What can you create with Vidu Q3?

Vidu Q3 covers text-to-video, image-to-video, reference-based character-consistent video, multi-shot narrative sequences, product demos with voiceover, animated series episodes, ad creatives with dialogue, cinematic VFX shots, and architectural walkthroughs. All modes produce synchronized audio. The 16-second duration supports complete narrative arcs without manual stitching.

Capability	What It Does	Use Case
Text-to-Video	Generate 16-second 1080p video with synchronized dialogue, SFX, and music from a text prompt. Multi-shot camera control and automatic transitions.	Short films, ads, social content, product demos
Image-to-Video	Animate a still image into cinematic video with synchronized audio. Preserves composition while adding natural motion, lighting, and camera movement.	Product animation, concept art to motion, photo stories
Reference-to-Video	Upload 1-4 reference images (characters, props, costumes, styles). The model generates video maintaining visual consistency for every referenced element.	Animated series, brand characters, consistent campaigns
Native Audio-Video	Lip-synced dialogue, ambient soundscapes, Foley SFX, and background music generated alongside video in one pass.

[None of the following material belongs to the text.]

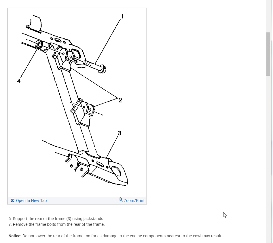Remove the power steering pressure line (1) from the clamps on the power steering gear.

No post-dubbing.	Talking head content, narrative ads, immersive scenes
Cinematic VFX	6 VFX types: particle systems, fluid simulation, dynamic motion, camera movement, scene transitions, and lighting effects.	Visual effects, stylized content, cinematic sequences
Pipeline Integration	Chain with other models in ComfyUI. Generate a character with Nano Banana, animate with Vidu Q3, add custom narration with Fish Audio S2, upscale with Topaz.	Multi-model production pipelines

How does Vidu Q3 compare to other video models?

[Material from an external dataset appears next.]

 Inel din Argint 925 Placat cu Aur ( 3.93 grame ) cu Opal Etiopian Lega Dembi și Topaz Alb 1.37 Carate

Vidu Q3 leads on native audio-video duration (16 seconds) and narrative storytelling. HappyHorse 1.0 currently holds #1 on the Artificial Analysis Arena with higher Elo. Kling 3.0 Omni offers 4K at 60fps. Seedance 2.0 supports 12-file multi-modal input. Wan 2.7 leads on open-source flexibility. Vidu Q3's edge: longest native audio-video clips, multi-entity reference consistency, and world-model reasoning.

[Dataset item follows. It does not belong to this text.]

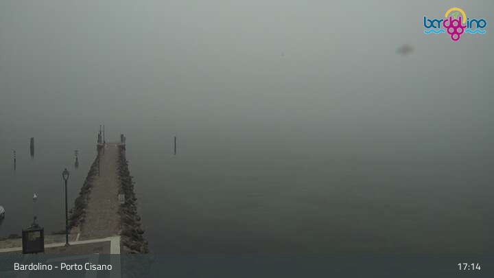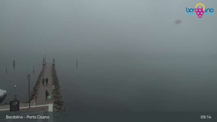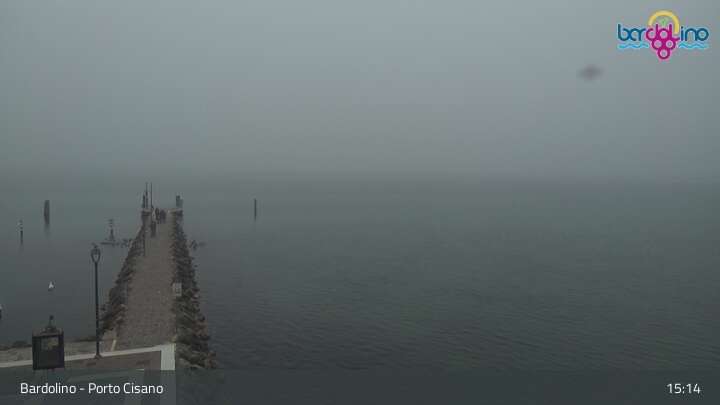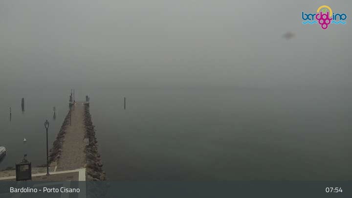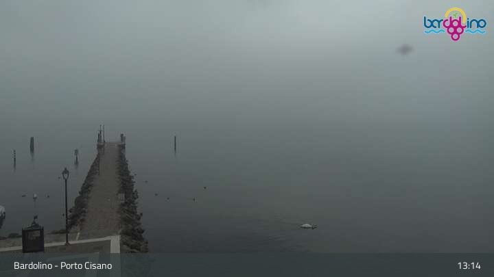 Die Kamera befindet sich am Strand Lido Mirabello und blickt nach Norden auf den Hafen von Bardolino am Gardasee.

Model	Duration	Native Audio	Reference Input	Arena Elo
Vidu Q3	16 seconds	Yes (dialogue + SFX + music)	1-4 images (multi-entity)	1,220-1,244
HappyHorse 1.0	15 seconds	Yes (7-lang lip-sync)	Subject reference	1,392 (#1)
Kling 3.0 Omni	15 seconds	Yes (5+ lang)	Elements system	N/A
Wan 2.7	5-10 seconds	No	Reference images	N/A

Source: Artificial Analysis Video Arena, SuperCLUE Reference-to-Video leaderboard, ShengShu Technology official announcements, WaveSpeedAI documentation, Atlas Cloud blog, and third-party reviews as of April 2026.

How does Vidu Q3 work?

Vidu Q3 uses ShengShu's proprietary U-ViT (Universal Vision Transformer) architecture, part of the Foundation World Model framework. The model generates video and audio simultaneously by reasoning about motion, sound, and narrative context as a unified prediction task. Text, visual, and audio signals are processed together, which is why the output is synchronized by default.

For text-to-video, your prompt feeds through an optional prompt enhancer, then the U-ViT generates frames and audio tokens together. The model plans camera movements, shot transitions, and audio events as part of the same sequence. For image-to-video, the input image anchors the first frame while the model generates motion, camera work, and audio around it.

Reference-to-Video uses multi-reference fusion. You upload 1-4 images that define characters, props, or styles. The model extracts identity features from each reference and maintains them throughout the generated video. This is different from single-image animation: multiple separate references merge into one coherent scene while each entity keeps its distinct visual identity.

On Floyo, Vidu Q3 runs through ComfyUI API nodes. Your prompt and any reference images are sent to ShengShu's inference servers. The complete video with synchronized audio returns to your ComfyUI canvas as an MP4. You can chain Vidu Q3 with other models: upscale with Topaz, add custom narration with Fish Audio S2, or watermark with Orion 4D.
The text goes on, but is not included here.